Work instructions -> The records below must be transcribed exactly, with each picture left out.

[Stored entries]
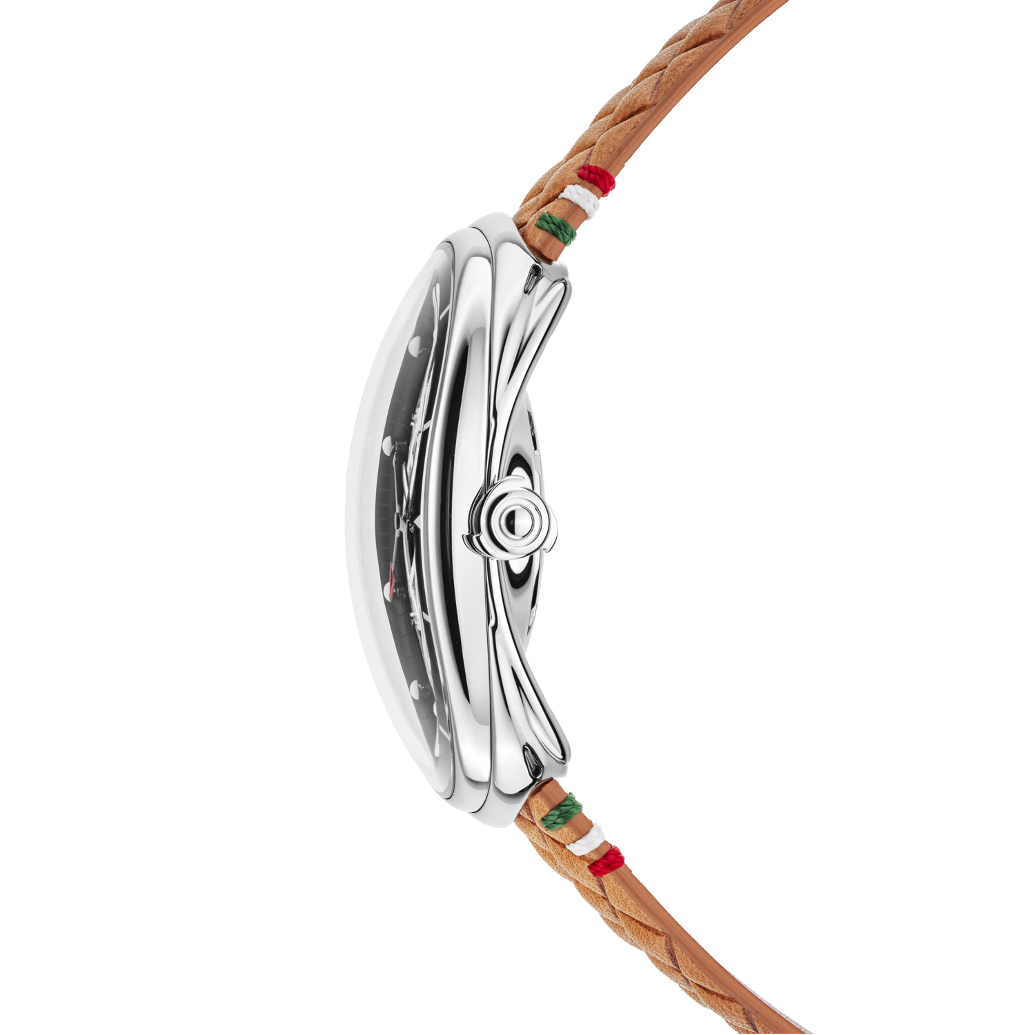 Questa nuova versione dell'orologio Borgonovo eleva le sue curve fluide, arricchendole con vibranti emozioni scaturite dall'idea di interpretare e catturare la forma della 250 GTO. Nasce così il "GTO", un orologio moderno e rivoluzionario, che coniuga complessità tecnica e un fascino magicamente romantico.
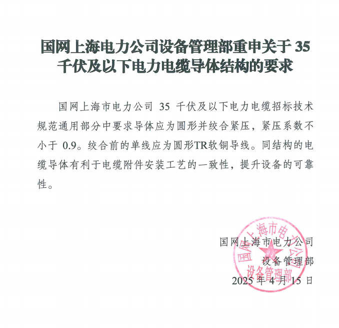 国网上海电力公司依据国网电缆标准明确规定异型导体不得使用!
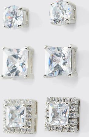 3er-Pack Strass-Ohrringe - Silber - ONE SIZE, Silber
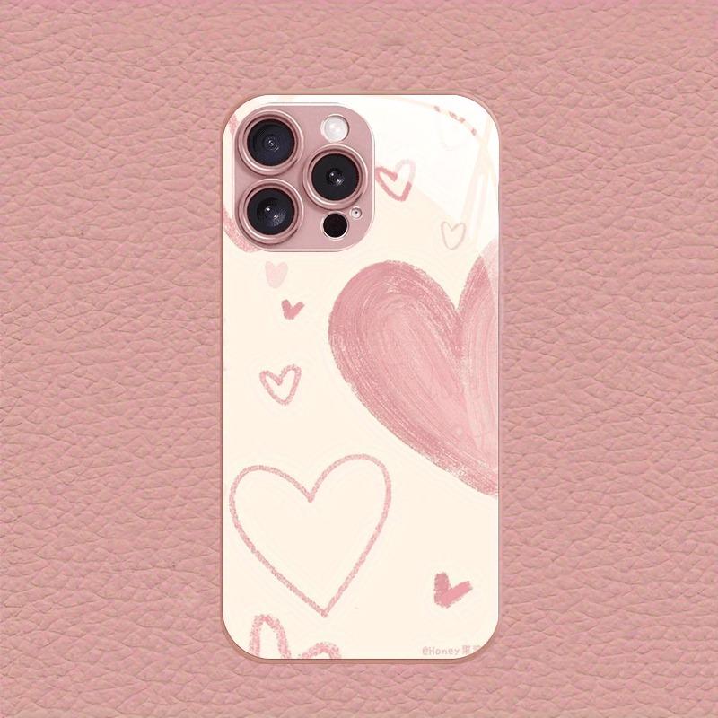 Fashion Simple Love Heart Pattern Metallic Paint Glass Phone Case For iPhone 17 Pro Max 11 12 13 14 15 16 Plus 17 Air 16E Cover
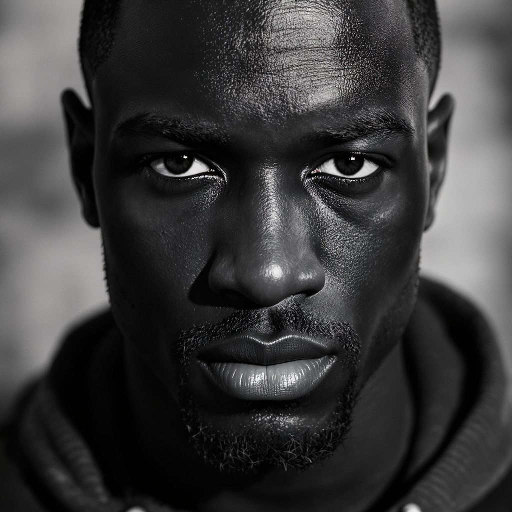 View this AI-generated image featuring wallpaper high detail photograph of a black man gazing directly at the camera intense close up black and white style classic leica 50mm lens shot with aperture f1 4. Created using advanced AI technology, this image showcases creative visuals, AI artwork. Perfec
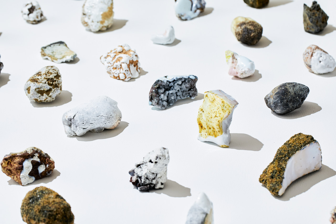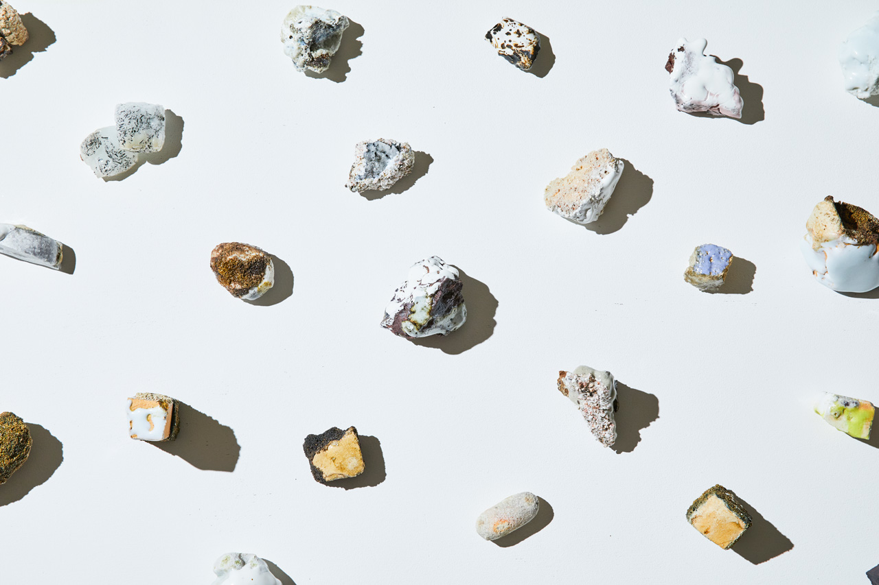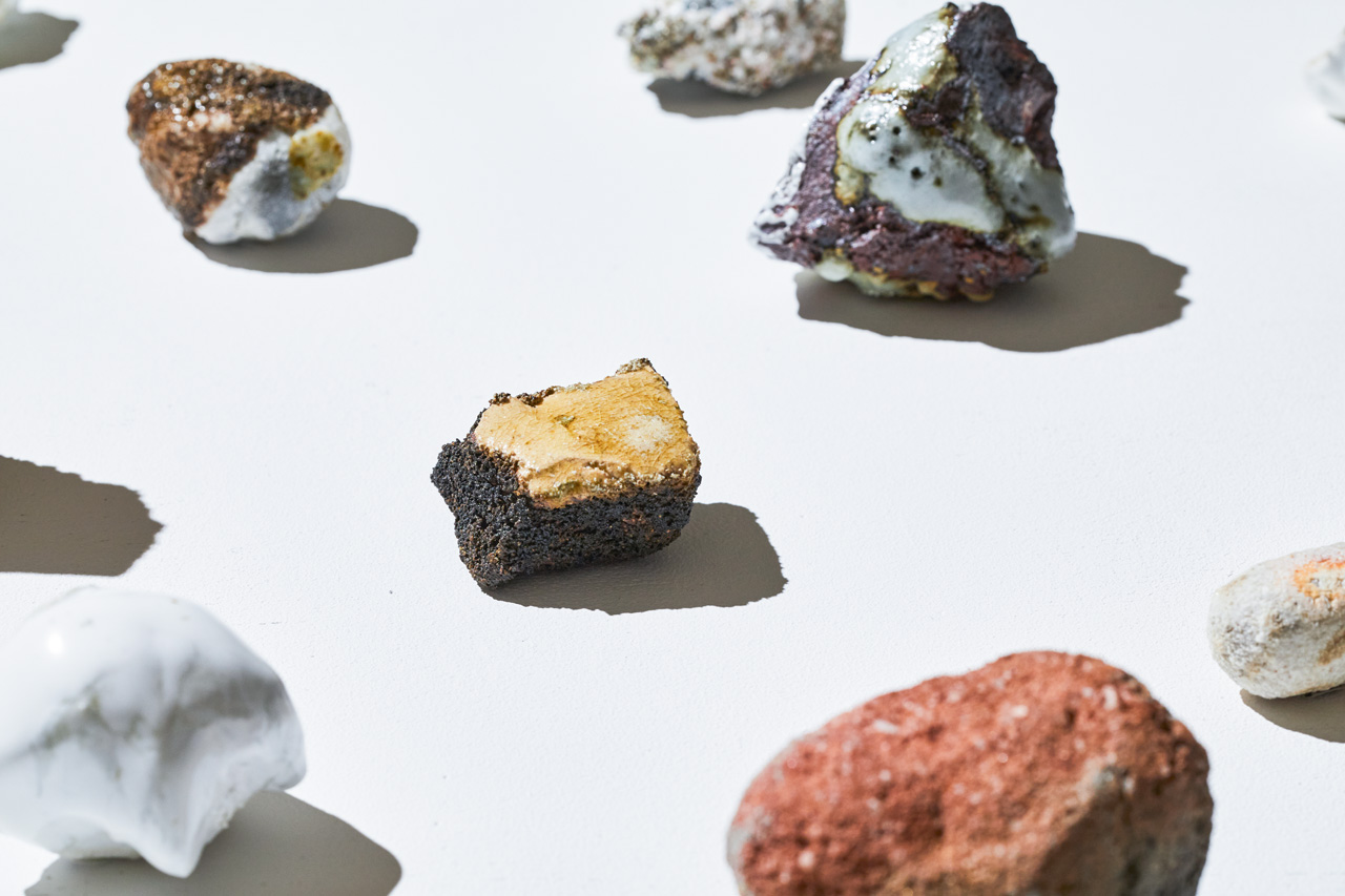 多くは、余った⼟や釉薬、試作として焼いたものなど、制作における副産物を素材としているとの事。⽇々の意識的な営みからこぼれ落ちた断⽚ともいえるそれらのの無意識性を損なわずに結晶化し、更に意識を巡らせて注意深く配置して差し出す、という「意識」と「無意識」が幾重にも複層する構造は、「クラフトとはなにか」を考える上での⼿掛かりになるかもしれません。
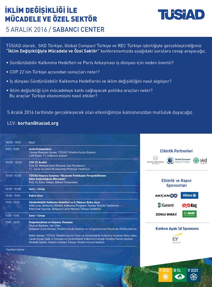 İş Dünyası ve Sürdürülebilir Kalkınma Derneği, TÜSİAD, Global Campact Türkiye ve REC Türkiye tarafından 5 Aralık Pazartesi günü İstanbul Sabancı Center’da İklim Değişikliğiyle Mücadele ve Özel Sektör konferansı gerçekleştirilecek.
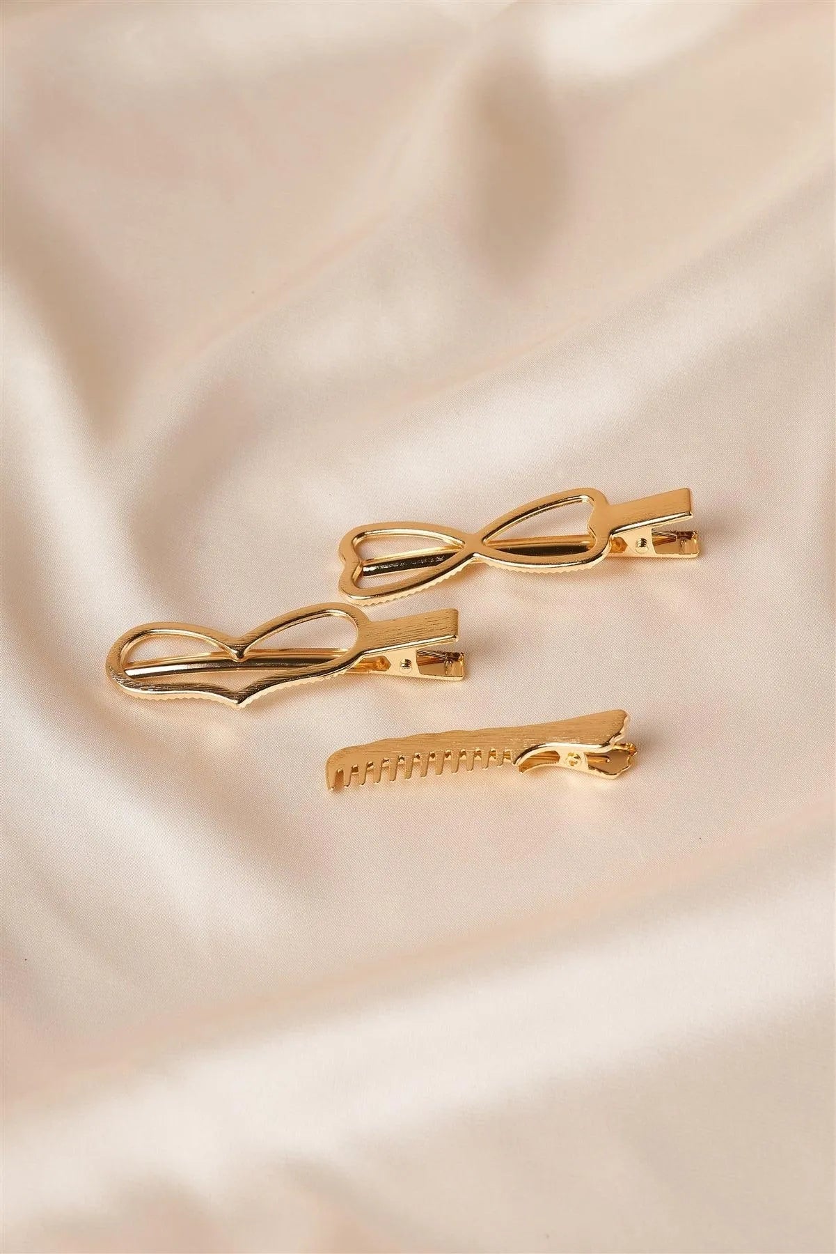 3pcs Gold Heart Shaped Hollow Hair Clips

Reply ->
 Questa nuova versione dell'orologio Borgonovo eleva le sue curve fluide, arricchendole con vibranti emozioni scaturite dall'idea di interpretare e catturare la forma della 250 GTO. Nasce così il "GTO", un orologio moderno e rivoluzionario, che coniuga complessità tecnica e un fascino magicamente romantico.
 国网上海电力公司依据国网电缆标准明确规定异型导体不得使用!
 3er-Pack Strass-Ohrringe - Silber - ONE SIZE, Silber
 Fashion Simple Love Heart Pattern Metallic Paint Glass Phone Case For iPhone 17 Pro Max 11 12 13 14 15 16 Plus 17 Air 16E Cover
 View this AI-generated image featuring wallpaper high detail photograph of a black man gazing directly at the camera intense close up black and white style classic leica 50mm lens shot with aperture f1 4. Created using advanced AI technology, this image showcases creative visuals, AI artwork. Perfec
 多くは、余った⼟や釉薬、試作として焼いたものなど、制作における副産物を素材としているとの事。⽇々の意識的な営みからこぼれ落ちた断⽚ともいえるそれらのの無意識性を損なわずに結晶化し、更に意識を巡らせて注意深く配置して差し出す、という「意識」と「無意識」が幾重にも複層する構造は、「クラフトとはなにか」を考える上での⼿掛かりになるかもしれません。
 İş Dünyası ve Sürdürülebilir Kalkınma Derneği, TÜSİAD, Global Campact Türkiye ve REC Türkiye tarafından 5 Aralık Pazartesi günü İstanbul Sabancı Center’da İklim Değişikliğiyle Mücadele ve Özel Sektör konferansı gerçekleştirilecek.
 3pcs Gold Heart Shaped Hollow Hair Clips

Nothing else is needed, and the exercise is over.